Shaking Janet, I’m hit with the smell like rotting fruit and meat, much worse than I was expecting. He doesn’t move so I shake him harder, still nothing and I go harder until I look murderous and finally his eyes open, vein-snaked and edge-crusted.
“What’s going on,” he says, voice dry.
“Get your machete, we’re sleeping over."
We rush the building. An old man Victim coming from under a gas sign jerk-runs at us and Daniel takes him down with three shots. We get in with flashlights, past a tourist information desk set with brochures and into the wide lobby faced in by six or seven stores: fast food, coffee, gifts, so on.
This room alone has four Victims, one with no legs crawling at us, and we work on them. When they’re finished Daniel says, “Everyone take a store and clear it out. If you find any ashes,” he looks at me, “collect them in something and get them out of here.”
We split up. I take the bathroom at the far end, down a small hallway, my bladder filled with overdose. I piss long and dark in the urinal, toxins in the stream, then realize I haven’t checked the room out. Down low to the tile I see, in the second to last stall, burnt feet in melted shoes and legs swaying slightly.

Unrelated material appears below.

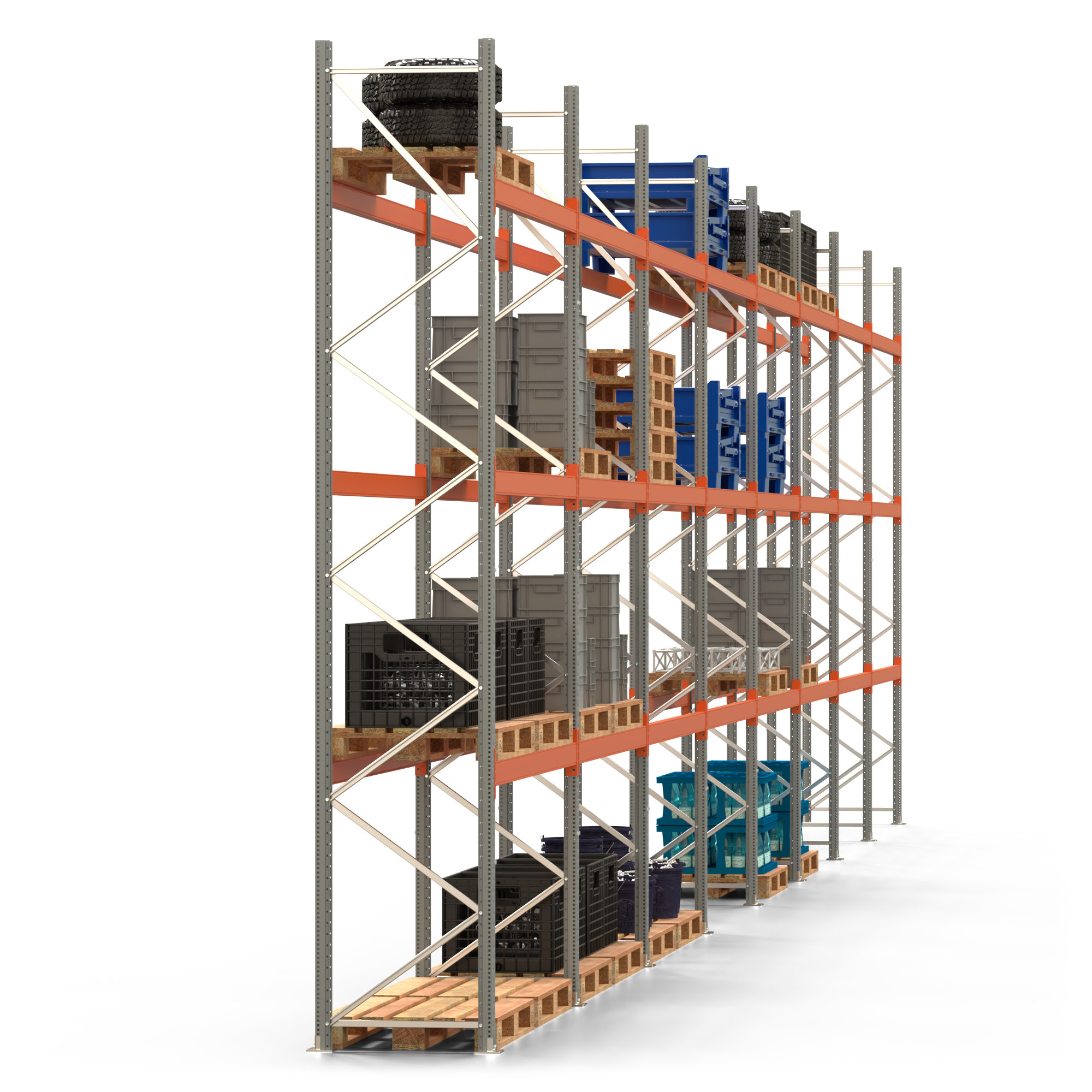 Palettenregal ARTUS - Breite 2236,5 cm - Höhe 450 cm - Tiefe 80 cm - 3 Träger-Ebenen - Fachlast 2000 kg - 64 Palettenstellplätze

At the stall, body pulled back with axe up, I try to kick the door open but it’s locked. Just a scratching grunt from inside.
The bathroom door opens and it’s Adena saying, “Is it clear?”
“Let me borrow that,” I say, trading her for the shotgun. I crouch in front of the stall quietly, slowly moving the shotgun until it’s in under the door and angled up, the Victim inside not reacting, not noticing.
I adjust a little, sweating, resting the butt of the shotgun on the floor to take the recoil, then pull the trigger. In an instant deafening the ceiling above goes massive red-black; a rose shape of dead blood, skull and hair stuck in the stuff. There’s a delay, then the sound of a body collapse onto the toilet, door still closed.
Shotgun back in her hands, Adena says, “We only found one pile of ashes. Have you noticed we’re not seeing them as much?”
“Hopefully it’s wind and not birthdays,” I say as we leave.
Back in the lobby lanterns are set up and fallen bodies are pushed to the walls. Daniel is tying up a bag of ashes and says, “Clear?”
Janet comes out of the café’s backroom, buckling his pants. Across the front of them are new-looking black stains. "Yup," he says.
“Same,” I say going to the gift shop to find cold medicine and cough syrup. Daniel opens the door and lobs the plastic bag deep into the parking lot, then it takes all of us to push the information desk so it blocks us in.
We make camp in one of the dining rooms that has cushioned benches, each of us laying in a different one and eating protein bars. Even Adena, her backpack full of diet pills and a scale off her back, eats some canned peanuts she found in the gift shop.
To Adena, Daniel says, “I’m going to ask you a question, and I don’t want you to get your period all over me.”